Dearth of Talent for Boards

  1. Dudu Msomi

By Dudu Msomi

Traditionally, boards of directors in most developed countries and South Africa were composed exclusively of white males.

Owing to this social exclusionary practice, much criticism has been directed at those companies’ boards of directors, as there is concern that “old boys’ clubs” fail to exercise the appropriate measure and independence of judgement to board decisions. Gender diversity brings a number of vital benefits to the boardroom.

Women bring unique skills and fresh perspectives that broaden discussions. Women, as a group, bring a collaborative leadership style that benefits boardroom dynamics by increasing the amount of listening, social support, and win-win problem-solving. The collaborative style does not mean women shy away from controversial issues because numerous studies have proven that women are more likely than men to ask tough questions and demand direct and detailed answers.

Research done in the USA and Canada on women on boards has found that boards with a larger proportion of women are less inclined to let CEOs dominate proceedings.
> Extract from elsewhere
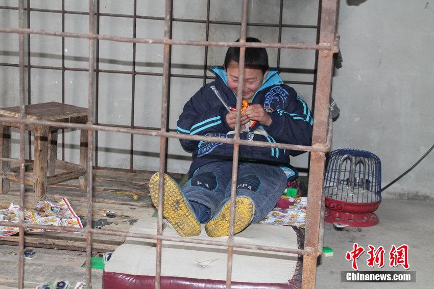 后來,小旺的力氣越來越大,手腕的皮膚被鐵鏈弄得通紅,鐘科福心疼的很。2014年3月,實(shí)在沒辦法的鐘科福請(qǐng)人在家中焊制一個(gè)2平方米的鐵籠,在里面放了兩塊海綿,一個(gè)小木凳,一個(gè)尿桶。為了讓關(guān)起來的小旺能打發(fā)時(shí)間,鐘科福又把別人丟棄的麻將放在鐵籠里供他玩耍!拔乙膊蝗绦倪@樣關(guān)他,學(xué)校不愿意收他,我不出去打零工,家里就揭不開鍋!辩娍聘Uf。

Women have to overcome huge obstacles to stand out in order to be appointed in terms of their accomplishments and career history. As a result they bring higher expectations of a board member’s role, exercising independent influence over management and thus enhance the board’s performance overall.
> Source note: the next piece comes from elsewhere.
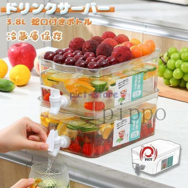 【特価】ドリンクサーバー 冷蔵庫 蛇口付き ボトル 冷水筒 ウォーターサーバー 3.8L PET材質 大容量 ディスペンサー 水ボトル 透明 酒を浸ける 容器

Thus globally, there is advocacy for greater demographic diversity among corporate boards of directors. Diversity is also a critical component of transformation in SA.The concerns raised about board profiles stems from the increased belief that diverse groups are likely to be more effective since different perspectives will improve discussion, creativity and decision-making. The reason most commonly attributed to the poor representation of women at corporate level is that companies do not think that women are qualified for board service.

There is also the excuse that companies do not know where to look for qualified women. Women are also criticised for their tendency to hold support roles which are not traditionally targeted when recruiting for board positions as line management roles are preferred and regarded as having a higher status than support roles.

Organisations need to develop women into direct line experience positions with profit and loss responsibility. But then again so what if women prefer marketing or human resources, the so-called support positions, as career paths? Should these functions be seen as less important to the success of companies? In the era of triple bottom-line reporting, the ‘softer’ considerations should not be absent from discussions on corporate strategy and direction as they are in fact hallmarks of long-term sustainability of a company.

In South Africa, legislation attempts to facilitate the increase of the numbers of women, not just in the lower rungs of the organisation, but on corporate boards as well. The underlying principle of employment equity is concerned with rectifying the social and economic effects of historical discrimination that resulted in the wasteful under-development and under-utilisation of a large proportion of the population including women. In the context of transformation in South Africa, as well as the skills shortage in the workplace, it is becoming increasingly important for companies to actively support the advancement of women as the traditional pipeline is not adequate to meet the need for independent, non-executive board members recommended by King Report 3.

The shortage of skill is advanced for selecting the same people to numerous boards. It cannot be in the best interest of these companies to have individuals sitting on their boards as well as hundreds of others which are sizeable and complex in nature. Such occurrences make a mockery of the dearth of talent assertion they furnish. The scarcity of women with the experience, credentials or skills to sit on boards is not as acute as the prejudice that stems from the fact that women lack the demographic similarities with the boardroom gate keepers and shareholders that “think director, think male”.

Companies are complacent about promoting board service to a wider audience and ensuring that individuals are aware of steps that they should take in order to build a path towards a board position. Research on the glass ceiling undertaken in a number of countries indicate that women’s advancement to top-level corporate executive and, in due course, governance positions is dependent upon companies’ success in providing high potential women with those key developmental opportunities traditionally given to high potential men.

Unless companies take steps to eliminate their biases, women leaders will likely be misjudged regardless of their levels of preparation and aptitude for corporate leadership roles. Ultimately, the performance of a board is dependent on competent and honest individuals who act with integrity, taking into account all stakeholders’ interests and bringing superior judgement to business decision making for the best interest of the company.

Motivations for increasing women representation on boards also includes the need to reflect their increase in the labour force, their growing buying power and their ability to influence purchase decisions beyond the traditional ‘female’ purchases such as groceries, cosmetics and clothing. Women also make up a growing percentage of small business owners who buy goods and services from larger companies. Globally companies are restructuring their boards of directors to mirror the gender and racial diversity of their customers, employees and stakeholders.

However, despite the growing numbers of educated women entering the workforce, their increasing buying power and influence, women continue to hold only a small proportion of leadership positions in business. Some companies have established strategies to recruit directors of different cultures, race and backgrounds especially those that procure services from government.

The concerns raised about the dearth of women in board positions should be appreciated as a business concern, not just a socio-political one.